Current drawn by a capacitor is the derivative of the voltage across it. Constant voltage = no current draw. The faster the voltage chanes, the higher the current draw (I think I’m correct so far). Now, suppose you are using a perfect battery is the power supply. Obviously, this battery can only supply a certain maximum current. So what if you changed the voltage across the capacitor so fast such as to produce a current draw that exceeds what the battery can supply?
Better to think of the capacitor as an impedance. Int he case you describe, the impedance would eventually drop so low as to equal the internal resistance of the battery, and the current would stop rising with continued decrease in impedance level, just the same as with a large resistive load. Or am I misunderstanding your question?
Batteries have internal resistance so even if you short-circuit the terminals, the current would be finite. If you connected an empty capacitor, it would be similar to short-circuiting the terminals for a short time (i.e. the time it takes to charge the capacitor at this max current). If this time is long enough (i.e. if the capacitor is huge), the battery may explode before the capacitor is fully charged.
You may or may not be misunderstanding my question, as I don’t really understand impedance. My knowledge of impedance doesn’t go beyond “a synonym for resistance” (which I know isn’t quite right).
I’m just thinking mathematically here. You change the voltage at a certain rate, which causes a certain current to flow. What if this current value exceeds what the power source can supply?
Impedance is the oppostion to AC current. It’s measured in ohms, just like resistance, and is frequency dependant. For capacitors, higher frequency yields lower impedance, while the opposite is the case for inductors.
Again, the case you describe is no different than any other overload of a power supply. The current peaks at some maximum value, and the supply may overheat and burn oout/explode/whatever.
Okay, so lets say you have a battery, switch and a capacitor - no resistor. You press the switch so the capacitor is instantly connected to the battery. That’s a pretty fast dv/dt…do I risk damaging the battery by doing this? I’ve certainly done it with no (apparently) ill effects.
(also, not sure why you introduced AC. I’m talking DC from a battery here.)
Except that the battery and capacitor both have internal resistances that are non-negligible. It is the battery’s internal resistance that causes the current limit. Your “perfect battery” in the OP would not have a current limit!
There is also some resistance in the wiring and in the switch, and inductance in all elements of the circuit, but these can usually be ignored as their effects are swamped by internal resistance.
The dv/dt when the switch is closed will be determined, to a first approximation, by the following parameters:
the battery voltage (or, if the capacitor is not totally discharged, the voltage difference between the two)
the capacitance value
the internal resistances (and, usually to a lesser extent the internal inductances) of the battery and capacitor.
Your statement above:
Suggests that you think that you get to decide both the dV/dt and the current flow (which you want to be greater than a known maximum). In the real world, you don’t get to define both; the values are not independent.

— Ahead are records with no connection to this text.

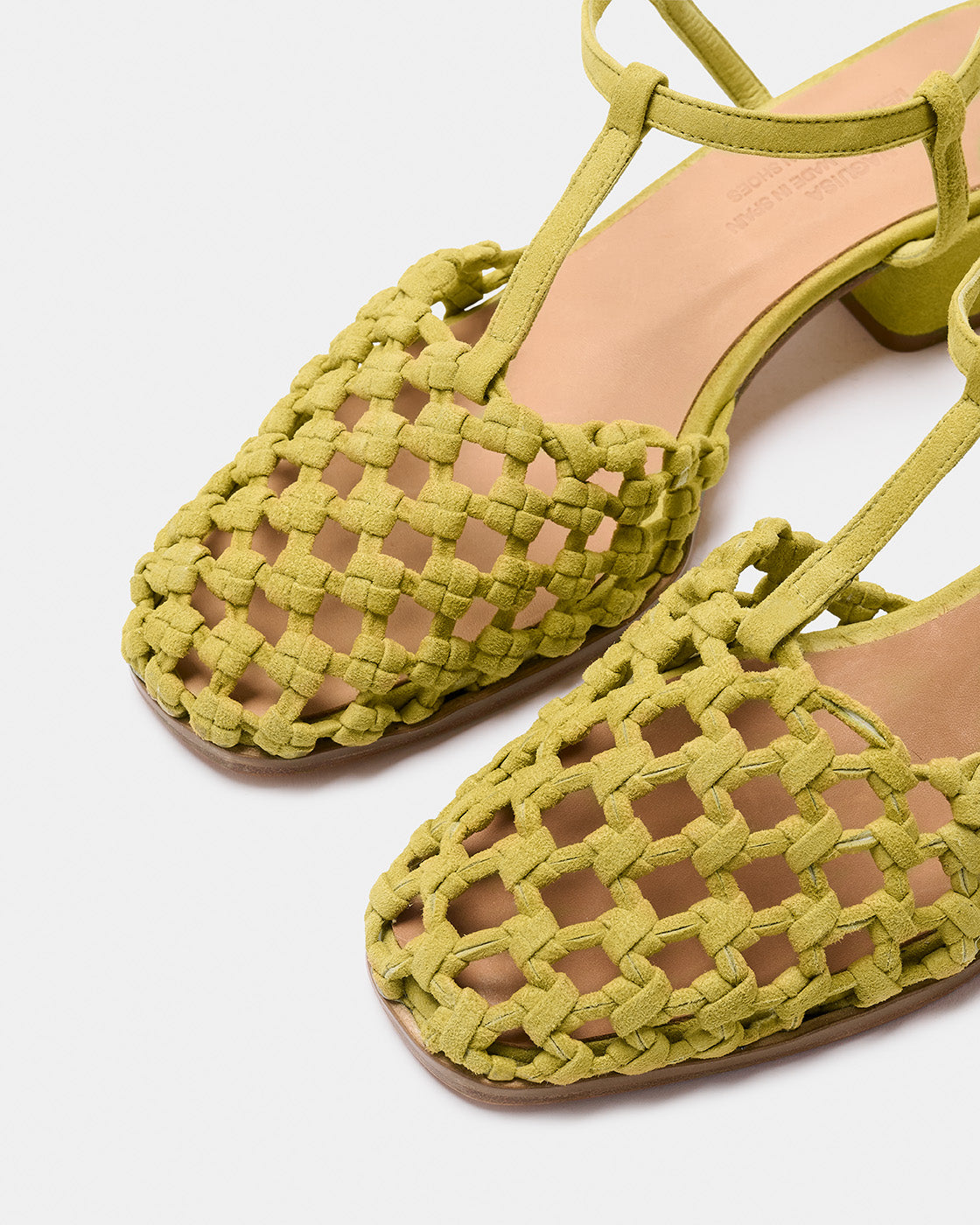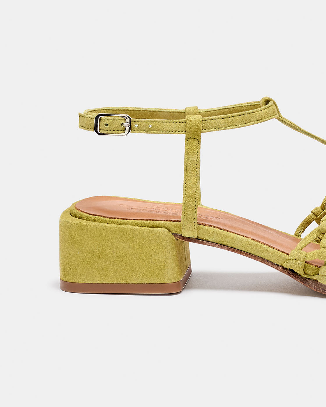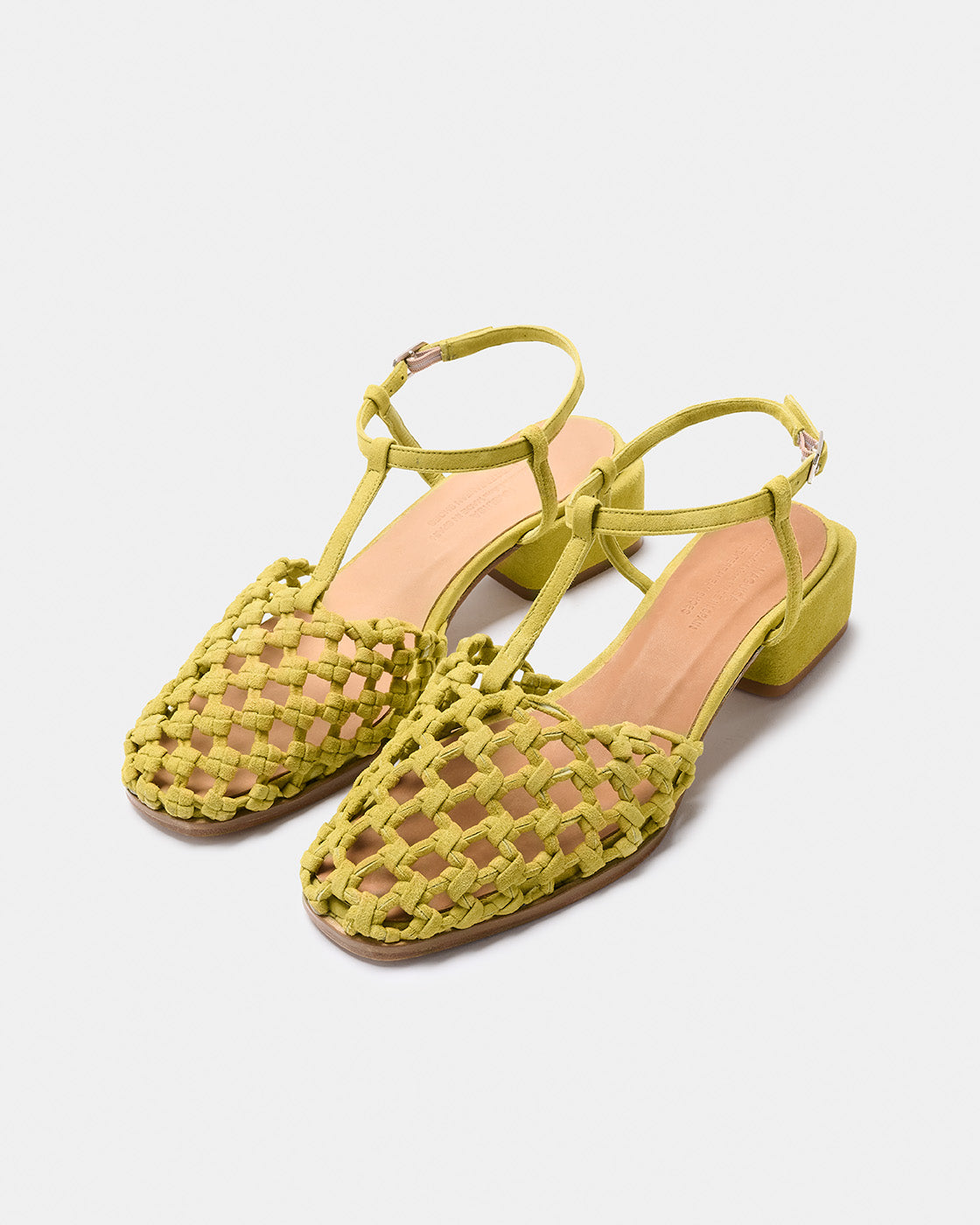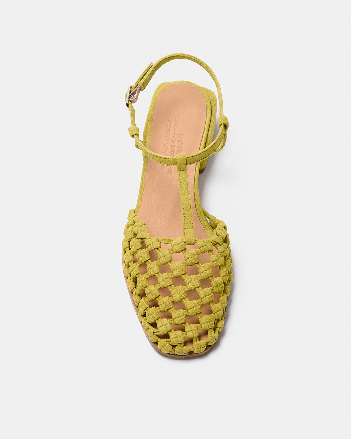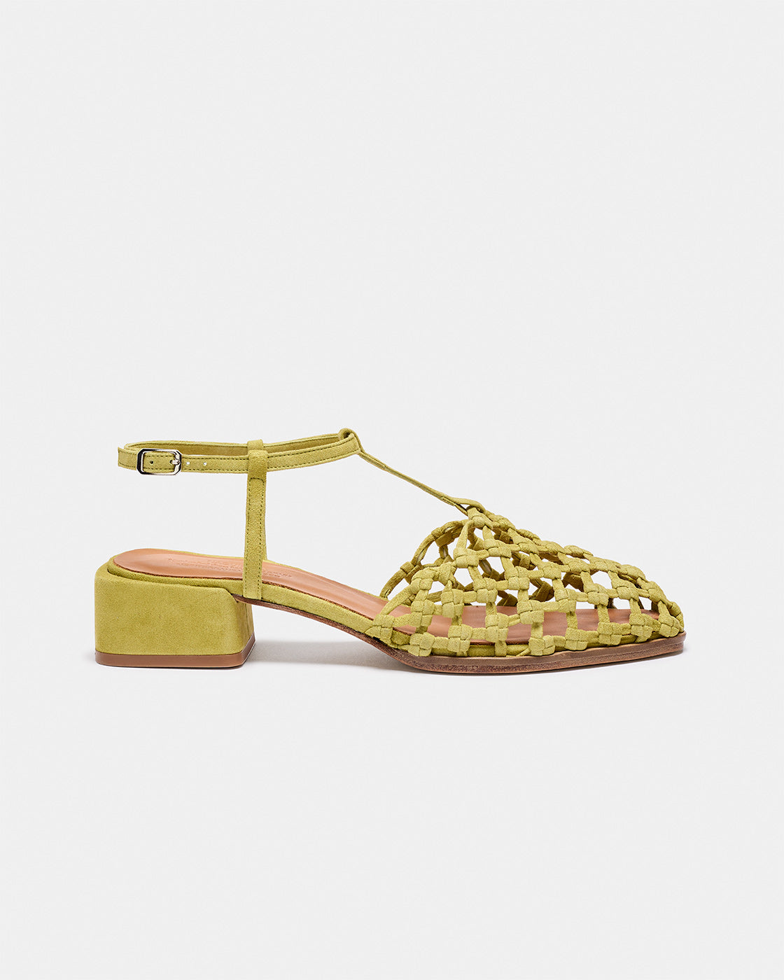 Adra es una sandalia de punta cerrada y trenzado de nudos hechos a mano y continua en tira T. Se ajusta mediante hebilla en el talón. Cortes de piel de cabra. Forro de piel de cabra. La planta en piel vacuna para dejar transpirar mejor tu pie. Suela de cuero. La altura de tacón es de 3,5 cm. El tacón es ancho para mayor comodidad. Fabricado en España.
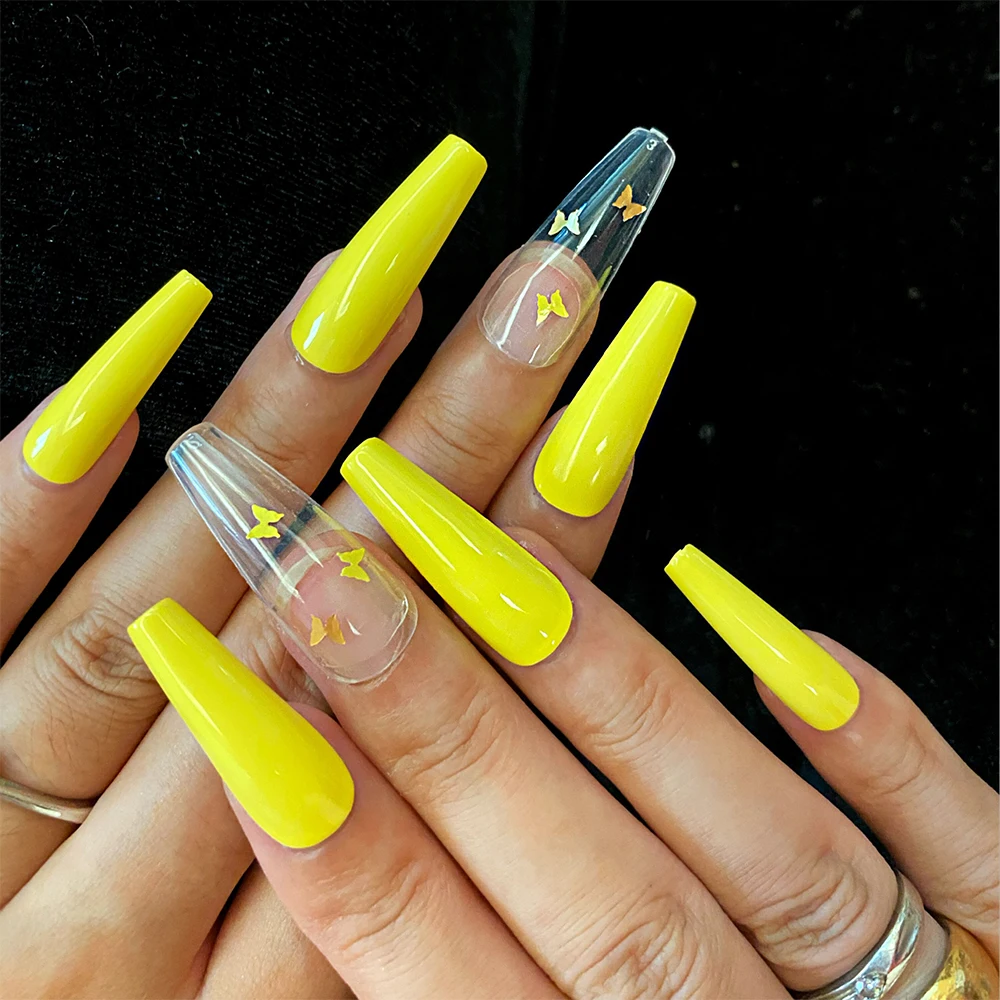 Накладные ногти бабочка, профессиональные, накладной гроб искусственные Кончики ногтей с дизайном, Длинные балетные накладные ногти, Набор накладных ногтей
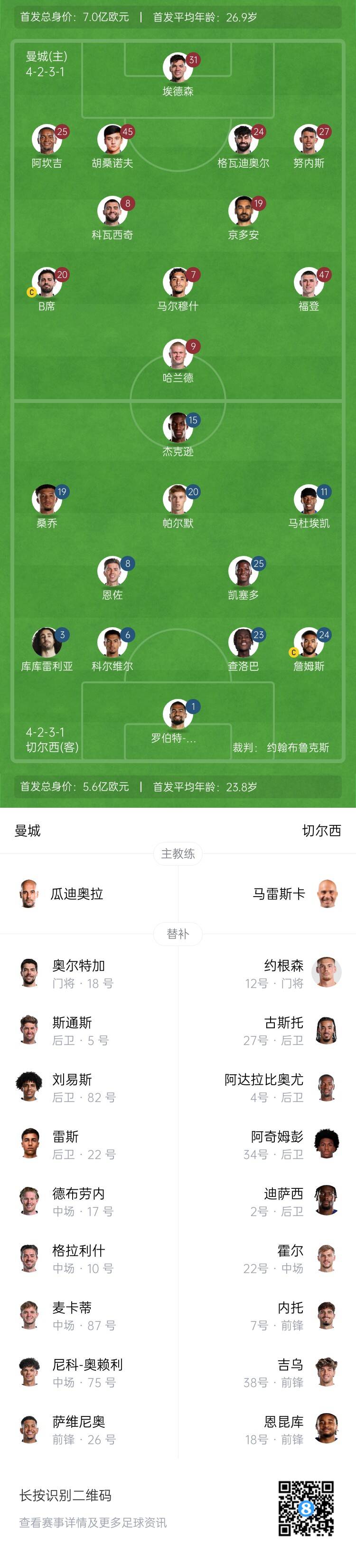 曼城首發(fā):31-埃德森、25-阿坎吉、45-胡桑諾夫、24-格瓦迪奧爾、19-京多安、27-努內(nèi)斯、8-科瓦西奇、20-B席、47-福登、7-馬爾穆什、9-哈蘭德

Q.E.D. brings up AC because the situation you are describing is not a “steady-state situation”. Whenever you have a change in conditions (i.e. switch closure leading to current flowing where there previously was none), you need to consider impedance and reactance.
The terms DC and AC can be confusing because they serve “double duty”. Sometimes AC is used strictly to mean that the voltage alternates between positive and negative values with respect to zero, but it can also mean that it’s a varying voltage of constant sign. This is an example of the latter case.
This is a contradiction. A “perfect” battery can supply infinite current. A real battery can’t. Either way, you just plug the battery’s internal resistance into the equation and out comes the answer, whether you use R=0 for a perfect battery or R≠0 for a real battery.
And, as others have noted, real capacitors (and real wires) have non-zero resistances. They also have non-zero inductances. These factors also act to reduce the actual current that flows through the capacitor.
This reminds of the question of a ladder leaning against a wall that you drag the bottom end away from the wall at a constant velocity and calculate the downwards speed of the other end (the one in contact with the wall) as exceeding the speed of light at the very last instant before it hits the ground. The only explanation is that it is impossible to drag the other end at a constant velocity. In this case, there are no perfect batteries, no pure capacitances, no resistanceless wires and if you suppose there are why should the violation of other laws of physics be a surprise?
I thought the explanation was that the Earth’s gravity is incapable of accelerating an object beyond it’s own escape velocity, which is nowhere near the speed of light.
If the battery, switch, capacitor, and conductors are modeled as “ideal,” and there’s no resistor in the circuit, then the circuit would blow up and the universe would self-destruct.
But let’s say you build this circuit anyway. You flip the switch and… nothing extraordinary happens. The fact that you’re still alive proves there must be series resistance (and/or series inductance) in the circuit.
Probably not, unless the capacitor was really big. I’d be more concerned about harming the capacitor.